Bill
Bill Summary · S 3697

Overview

  • Bill: S. 3697
  • Session: 119
  • Title: SAVE Moms and Babies Act of 2026
  • Purpose: To advance maternal and infant health through targeted federal policies (details below are based on the bill’s title and typical scope of similarly titled measures; for precise text, refer to the official bill language).
  • Status: Introduced and read twice; referred to the Senate Committee on Health, Education, Labor, and Pensions as of January 27, 2026.

Main purpose and intent

  • The SAVE Moms and Babies Act of 2026 aims to improve maternal and infant health outcomes in the United States.
  • Likely focus areas include expanding access to care for pregnant people, supporting safe and healthy pregnancies, and promoting evidence-based practices to reduce maternal morbidity and mortality.
  • The bill may establish or augment federal programs, funding streams, and reporting requirements to monitor and enhance prenatal, perinatal, and postnatal care.

Key provisions and changes (anticipated elements)

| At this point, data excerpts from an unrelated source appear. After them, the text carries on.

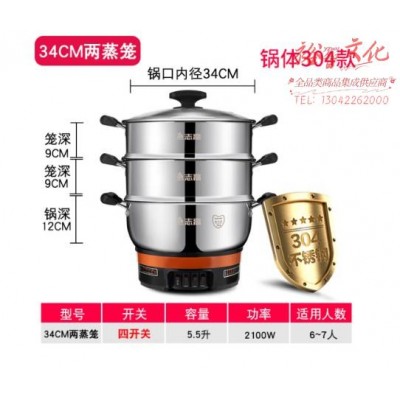 首页 > 电气设备 > 烹调电器 > 志高(CHIGO) JBL-ZHDG加厚电热锅电锅多功能炒煮一体锅家用电炒锅电蒸锅电火锅电煮锅多用途 34cm两蒸笼SKU:yzwhyp981817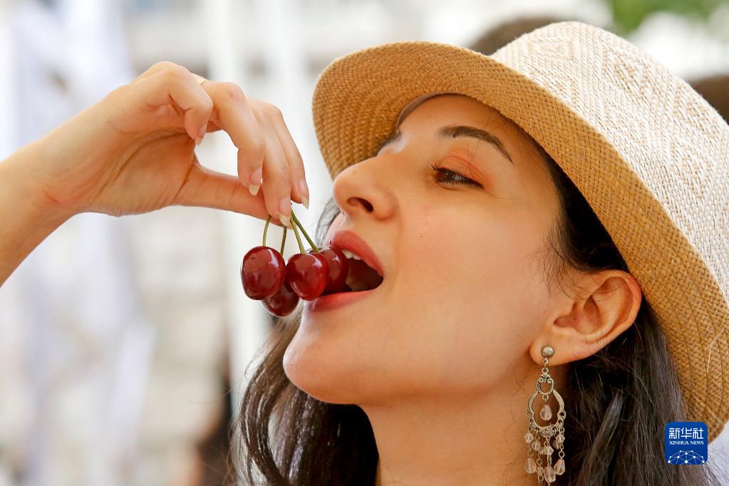 6月11日,一名女子在黎巴嫩哈馬納舉辦的櫻桃節上品嘗櫻桃。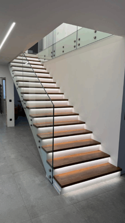 Moderní obklad schodiště s tónovaným dřevem a celoskleněným zábradlím působí vzdušně a elegantně. LED podsvícení zvýrazňuje každý stupeň a dodává prostoru jedinečnou atmosféru.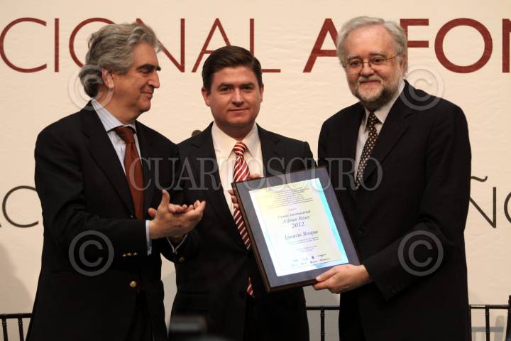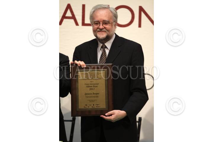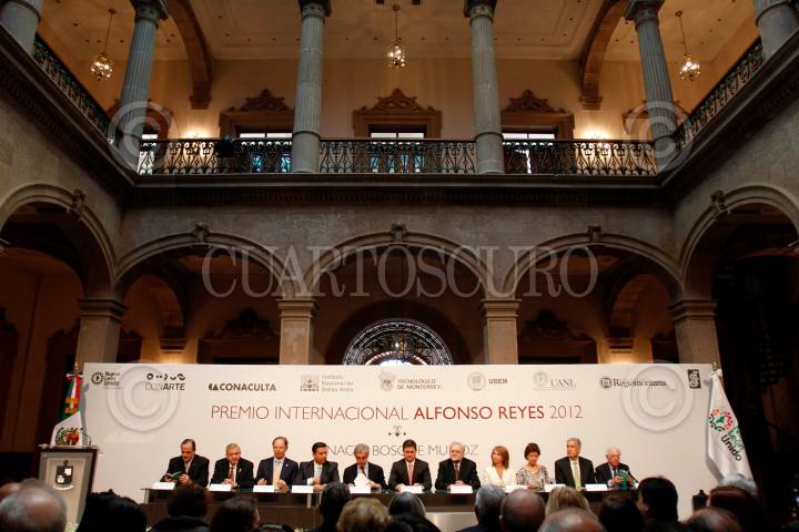 MONTERREY, NUEVO LEÓN, 13MARZO2013.- El premio internacional Alfonso Reyes 2012 fue otorgado al filósofo y lingüista español Ignacio Bosque Muñoz en manos del gobernador del estado Rodrigo Medina. El reconocimiento fue creado en1972 siendo Jorge Luis Borges el primero en recibirlo, también Octavio Paz en 1985, entre otros. En la entrega estuvieron presentes los rectores de las principales universidades de Nuevo León, así como autoridades de cultura en la entidad. FOTO: GABRIELA PÉREZ MONTIEL / CUARTOSCURO.COM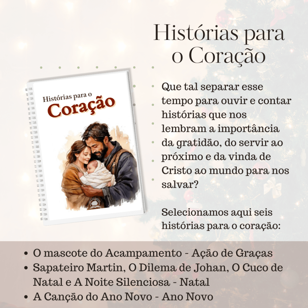 – Advento/Natal – “O sapateiro Martin, de Tolstoi, “O Dilema de Johan”, de W.C. Noack, “O Cuco de Natal”, de Frances Browne e “A Noite Silenciosa”, de Katarine Jordão. 🙂

Note: The specific statutory text is not provided here. Based on the bill’s title and typical measures in this policy area, provisions may include:

  • Funding and grant programs:

    • Authorization of federal funding to states or qualified entities to support maternal health initiatives, including prenatal care, postpartum care, and hospital-level quality improvement.
    • Grants to expand access to midwifery, doula services, telehealth, and community-based maternal health programs.
  • Data, research, and reporting:

    • Requirements for data collection on maternal and infant health outcomes, disparities, and program effectiveness.
    • Support for national surveillance and research on risk factors, treatment, and best practices in maternity care.
  • Care quality and safety:

    • Incentives or mandates to improve hospital readiness for obstetric emergencies, cesarean section reduction where appropriate, and safe discharge planning.
    • Standards or guidance related to maternal mental health, substance use treatment, and coordination of care across providers.
  • Access and equity:

    • Provisions to address disparities in maternal and infant health outcomes among racial, ethnic, and socio-economic groups.
    • Potential expansion of access to preventive services, contraception counseling, and reproductive health resources.
  • Administration and oversight:

    • Designation of federal agencies or offices responsible for implementing and overseeing program components.
    • Reporting requirements to Congress on progress, utilization, and outcomes.

Who would be affected

  • Pregnant and postpartum individuals and families accessing maternal health services.
  • Hospitals, clinics, and birthing facilities receiving federal funding or participating in grant programs.
  • States, tribal nations, and local health departments implementing maternal health initiatives.
  • Healthcare providers (obstetricians, midwives, nurses, doulas) involved in maternal and perinatal care.
  • Researchers and public health entities involved in data collection and analysis.

Procedural and timeline aspects

  • Introduction and referral:
    • Introduced in the Senate and assigned to the Committee on Health, Education, Labor, and Pensions on January 27, 2026.
  • Process:
    • As a Senate bill, it would typically move through committee consideration, potential amendments, and then floor debate and voting in the Senate.
    • If advanced, it would need to pass the Senate and then be reconciled with any House version (if a companion bill exists) before a presidential action.
  • Key dates:
    • January 27, 2026: Read twice and referred to committee; sponsor remarks noted.

Potential impact and considerations

  • Public health impact: If enacted, could strengthen federal support for maternal and infant health, potentially reducing maternal mortality and morbidity and narrowing health disparities.
  • Administrative considerations: Implementation would depend on funding levels, grant award processes, and inter-agency coordination.
  • Monitoring and accountability: Data collection and reporting requirements could improve transparency and evidence-based policymaking, but would require robust privacy safeguards and interoperability across systems.

If you’d like, I can tailor this summary to the exact text of S. 3697, once the bill’s full provisions are available, and add specific sections, statutory authorities, and dollar amounts.